Internet freedoms in the U.S. and around the world declined during the last year due in large part to ongoing problems posed by social media, experts reported Tuesday.
Freedom House, a nonpartisan think tank mostly funded by the U.S. government, cited both the manipulation and monitoring of social media platforms in the U.S. and abroad as major factors in global internet freedoms declining for the ninth consecutive year.
A study of 65 countries found domestic actors used propaganda and disinformation to skew the online landscape during elections held in at least 24 different nations between May 2018 and June 2019, Freedom House reported.
Out of the same 65 countries, authorities in at least 40 have instituted some sort of advanced social media monitoring program, Freedom House found.
“The future of internet freedom rests on our ability to fix social media,” said Adrian Shahbaz, Freedom House’s research director for technology and democracy. “Since these are mainly American platforms, the United States must be a leader in promoting transparency and accountability in the digital age. This is the only way to stop the internet from becoming a Trojan horse for tyranny and oppression.”
Around 3.8 billion people on the planet have access to the internet, Freedom House reported. Roughly half live in countries where “pro-government commentators” were deployed last year to manipulate online discussions, while the vast majority – 89% – live in countries where their own postings are likely monitored by advanced social media surveillance programs, according to the group.
In the U.S., Freedom House noted that internet users were subjected to both manipulation and surveillance on social media during the period analyzed for the report.
“Disinformation was again prevalent around major political events like the November 2018 midterm elections and congressional confirmation hearings for Supreme Court nominee Brett Kavanaugh. Both domestic and foreign actors manipulated content for political purposes, undermining the democratic process and stoking divisions in American society,” the report’s authors wrote.

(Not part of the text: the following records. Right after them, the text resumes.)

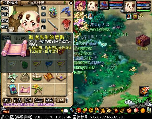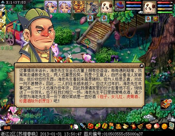 找到长寿村的海老先生,得到任务物品“海老先生的贺贴”。为了接下来,比较方便,也可以在海老先生的地方插旗子一枚。
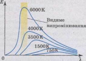 На мал. 175 наведено експериментально одержані графіки розподілу енергії Е в спектрі випромінювання вугільної спіралі при різних температурах. На осі ординат відкладені значення енергії, що відповідають даній довжині хвилі, а на осі абсцис — довжини хвиль.
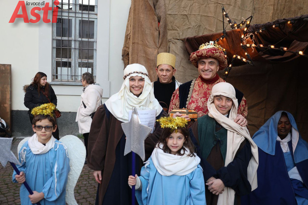 Oggi, domenica 7 dicembre il centro storico di Asti si è trasformato in un grande palcoscenico della tradizione natalizia grazie al Presepe vivente cittadino, dal titolo Il racconto della Natività in cammino nel cuore di Asti”, organizzato dalla parrocchia di San Martino con il patrocinio del Comune di Asti. Un evento che ogni anno richiama cittadini e visitatori, unendo spiritualità e folklore in una cornice suggestiva.
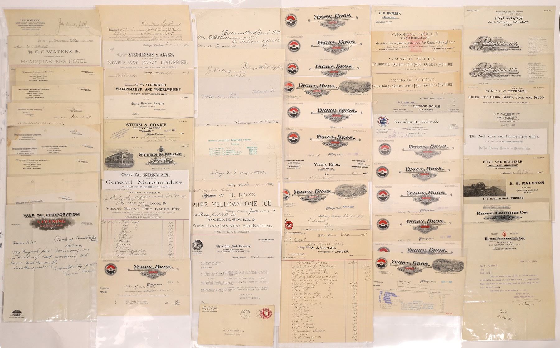Collection of approximately 110 billheads, letterheads and letters from Billings, Montana. Documents include The Grand Hotel (Multiples), The Great Western Sugar Company, Hart Albin Company, Hoskins & Company, Wholesale & Retail Butchers, W.S. Hughes Plumbing and Heating, Northern pacific Railroad Company and many more. Please see photos for more detail and condition.
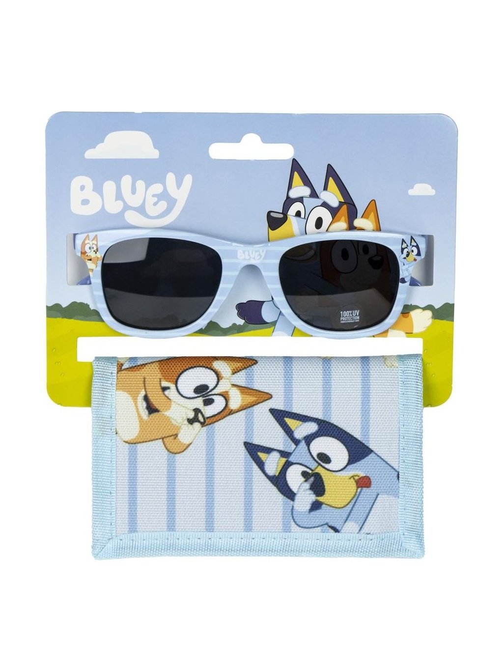 SVĚTLE MODRÝ DĚTSKÝ SET SLUNEČNÍCH BRÝLÍ A PENĚŽENKY BLUEY AND CHILLI
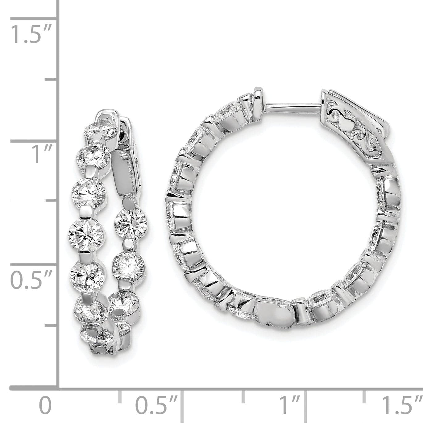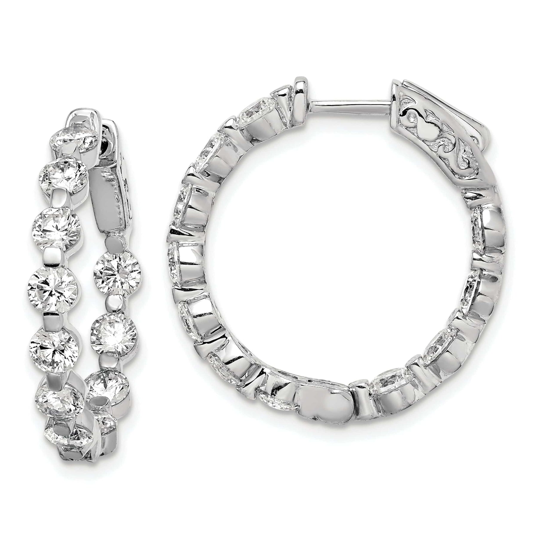 Jeder Ohrring ist mit einer schönen Reihe funkelnder Zirkoniasteine sowohl an der Innenseite als auch an der Außenseite des Rings besetzt, was jedem Outfit einen Hauch von Glanz und Eleganz verleiht. Der Klappverschluss ermöglicht ein einfaches An- und Ablegen und sorgt gleichzeitig für einen sicheren Sitz.
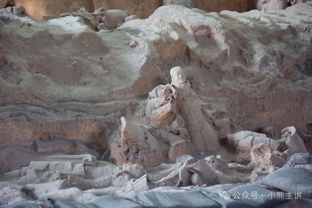一号坑:这是三个坑中面积最大、埋藏陶俑最多的一个,总面积约为14260平方米,主要是由步兵和战车组成,其中步兵俑约210余人,每排68人,前后左右成行,共计204人,组成方阵的后卫,坑的中间排列着有38路战车和步兵的纵队,组成军队的主体。
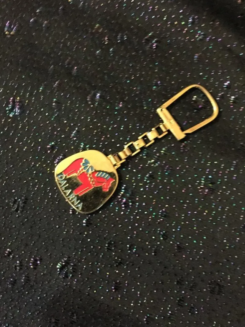 Nyckelring i förgylld metall. Dalahäst.Dalarna.
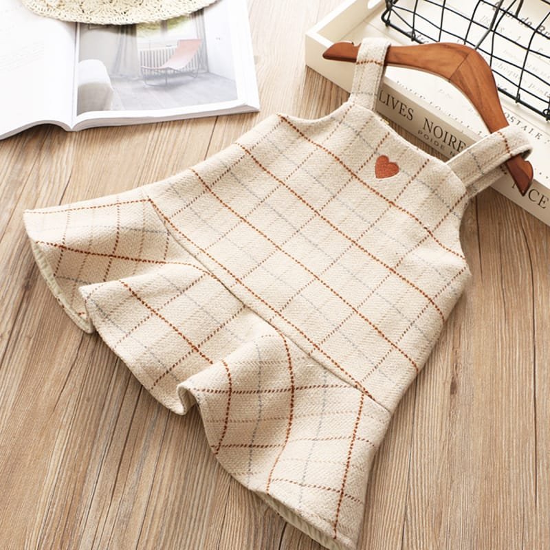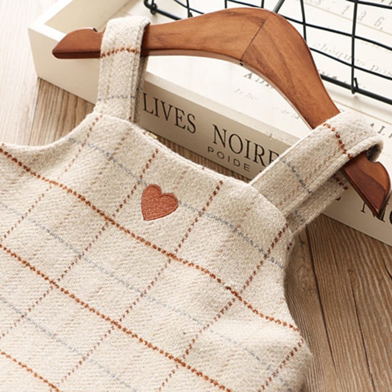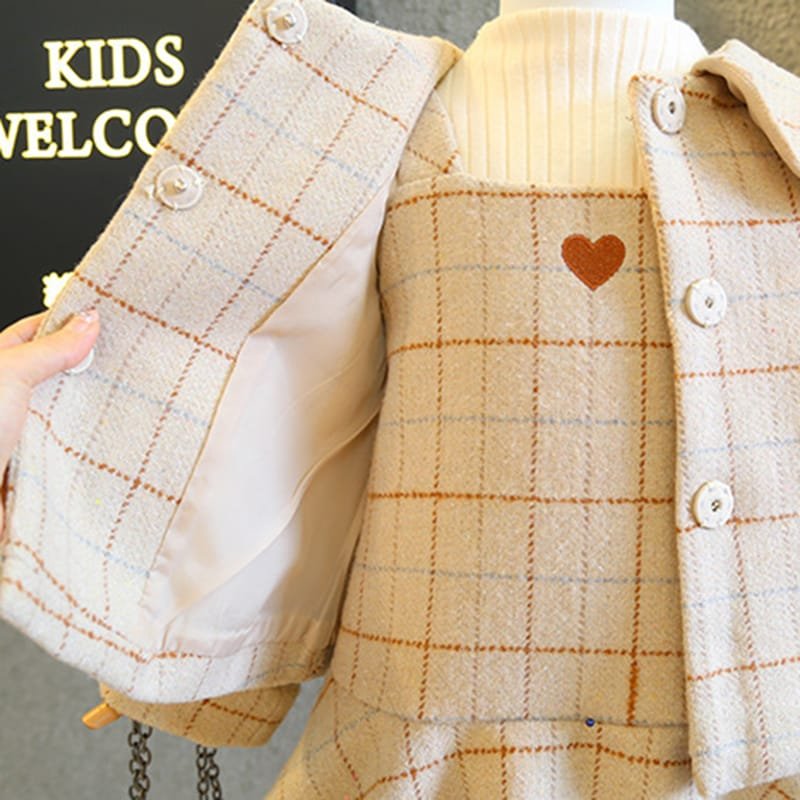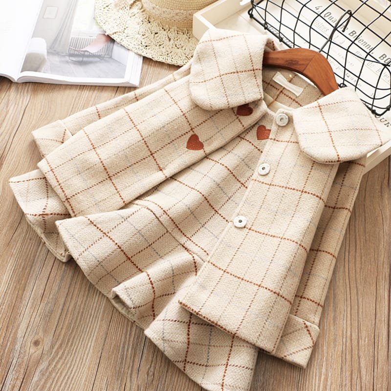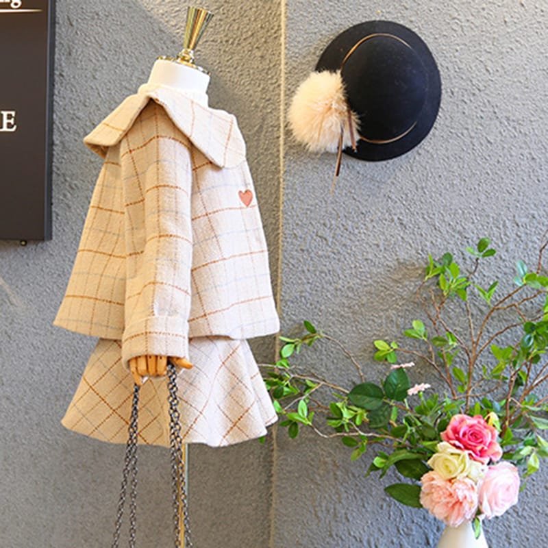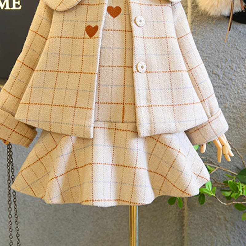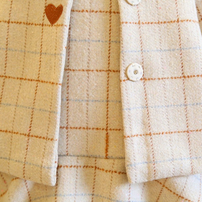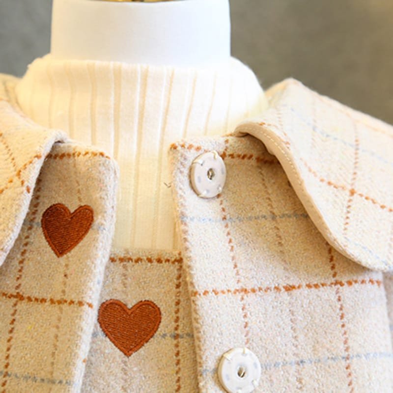 Girls Lapel Plaid Heart Pattern Coat And Flounced Dress Two-piece Set
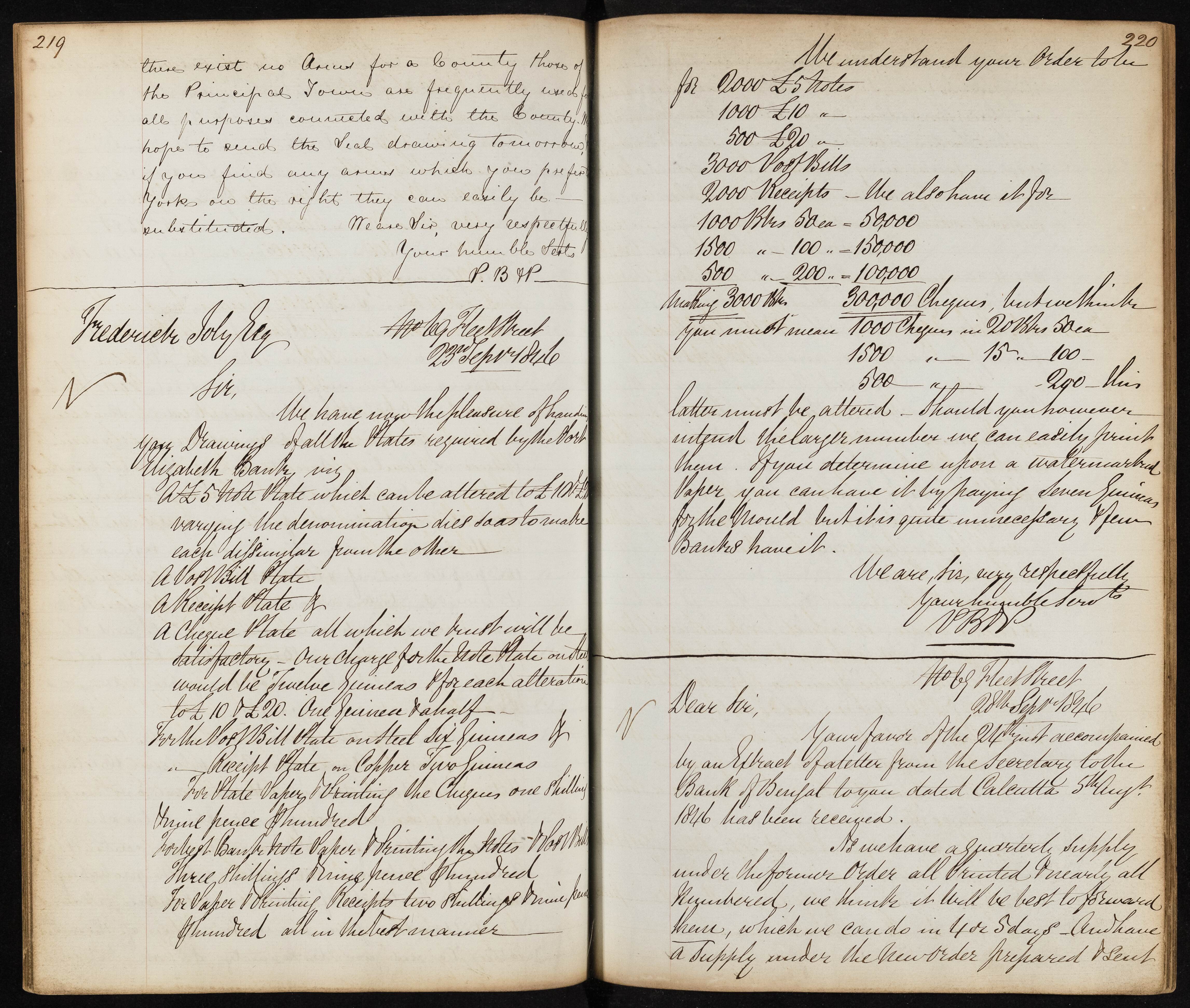 Summary: The sender discusses the order for various printing plates including receipt plates, cheque plates, and bill plates, detailing charges and quantities. They mention the possibility of watermarking and alterations to the order.

“Law enforcement and immigration agencies expanded their surveillance of the public, eschewing oversight transparency and accountability mechanisms that might restrain their actions,” the report added. “Officials increasingly monitored social media platforms and conducted warrantless searches of travelers’ electronic devices to glean information about constitutionally protected activities such as peaceful protests and critical reporting.”
Researchers have previously found that automated accounts flooded social networks in 2018 with disinformation about the midterm elections and Justice Kavanaugh’s nomination, mimicking a tactic infamously witnessed two years earlier during the previous U.S. presidential race.
More recently, bipartisan legislation introduced this past May would prohibit the government from maintaining its authority to conduct warrantless searches of electronic devices taken from travelers trying to enter the country.
Called the Protecting Data at the Border Act, it was introduced in both the House and Senate on the heels of an internal Department of Homeland Security report finding that federal immigration officials conducted warrantless searchers of around 29,000 devices belonging to 397 million travelers during fiscal year 2017, up roughly 50 percent from the year before.
DHS subsequently announced plans in September to being requesting the social media user names of foreigners requesting permission to enter the U.S.